Susan Greig, owner of 100 Braid St. Studios, said she has the highest regard for Urban Academy but can’t support the expansion because of the negative traffic impacts it’s having on the neighbourhood. She said she has seen ambulances have to wait up to 10 minutes to get out of the neighbourhood because of parents dropping off and picking up students at the school.
“Urban Academy tries to be a wonderful neighbour. But there is a huge volume of cars,” she said. “I believe that with the increase in numbers, it will only get worse.”
Dee Beattie, who lives in the neighbourhood, urged council to reject the application because of traffic impacts the school is having on the neighbourhood. She noted incidents of cars making illegal turns, going the wrong way at a roundabout, blocking driveways, parking in no-parking zones and preventing ambulances from moving because parents are busy unloading kids.
“Rousseau Street is a narrow street that allows one-way traffic at a time. It serves B.C. Ambulance, Royal City Taxi, Amazon drivers and the neighbourhood,” she said. “Come at 3 pm. on a rainy day and see the jam-up. Lower Sapperton has narrow streets, and these streets were not designed for high volumes of traffic.”
Based on what’s happened since Urban Academy opened, Beattie said she has “no faith” that all of its parents can or will obey traffic regulations.
Before approving the application, Beattie said Sapperton residents need a traffic plan that includes the impacts of the future Sapperton Green development at Braid and Brunette, the future tower at 100 Braid St., the expansion of Royal Columbian Hospital and traffic from the Brunette Interchange.
“Urban Academy pays no city taxes,” she said. “It serves very few in Sapperton, yet the residents in lower Sapperton live with the fumes of idling cars and the excess traffic.”
Following the public hearing, council approved the zoning amendment bylaw that allows the expansion to proceed. Only Coun. Chuck Puchmayr voted against the application.

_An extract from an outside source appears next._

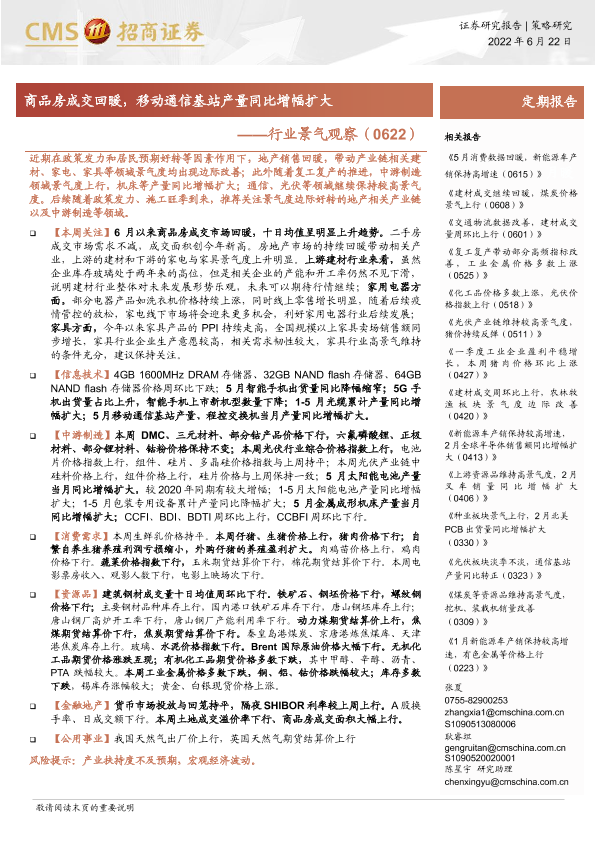【海通证券】【20220622】行业景气观察(0622):商品房成交回暖,移动通信基站产量同比增幅扩大-31页

“This expansion is close to a 25% increase,” he said of the expanded enrolment. “The concerns of the neighbourhood are valid. The traffic issues and the safety issues – I have had numerous calls – they are valid. They are very valid concerns.”
Puchmayr said the “lion’s share of the students” are coming from communities other than New Westminster, which will result in congestion and parking problems in the neighbourhood. He said the expansion will only exacerbate the congestion and parking problems in Sapperton.

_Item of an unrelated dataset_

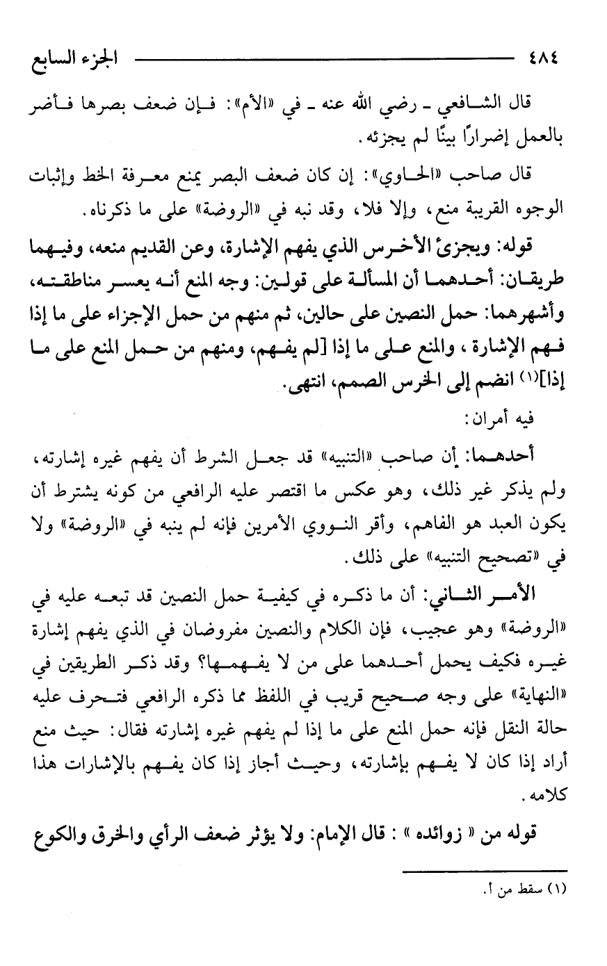 الأمر الثاني: أن ما ذكره في كيفية حمل النصين قد تبعه عليه في "الروضة" وهو عجيب، فإن الكلام والنصين مفروضان في الذي يفهم إشارة غيره فكيف يحمل أحدهما على من لا يفهمها؟ وقد ذكر الطريقين في "النهاية" على وجه صحيح قريب في اللفظ مما ذكره الرافعي فتحرف عليه حالة النقل فإنه حمل المنع على ما إذا لم يفهم غيره إشارته فقال: حيث منع أراد إذا كان لا يفهم بإشارته، وحيث أجاز إذا كان يفهم بالإشارات هذا كلامه.

Other council members supported the application, saying the “urban school” is located in close proximity to SkyTrain and is an appropriate land use at that site. They noted traffic is a concern around all New West schools.
“There is no other school where we don’t have pickup and drop-off traffic issues,” said Coun. Patrick Johnstone. “It is a constant challenge across the city. But I don’t hear other schools making the commitment that UA is towards managing their pick-up and drop-off. I hear the anecdotes about traffic chaos. I see it every day at schools in the community, but what is unique to me is Urban Academy actually seems to be committed to taking serious action to if it and investing in fixing it.
Mayor Jonathan Cote said the city needs to “step up” and continue to partner with the neighbourhood about traffic challenges as the area evolves.
“This will be the last expansion and will complete this project. There won’t be additional floors there. I think that can alleviate some of the concerns that this will continue. This will round out the school and how it fits into the community,” he said. “Moving forward, given the challenges that we do face and concerns from the neighourhood, I do want to see us continue to work with school community to really mitigate the concerns we are hearing from the neighbourhood.”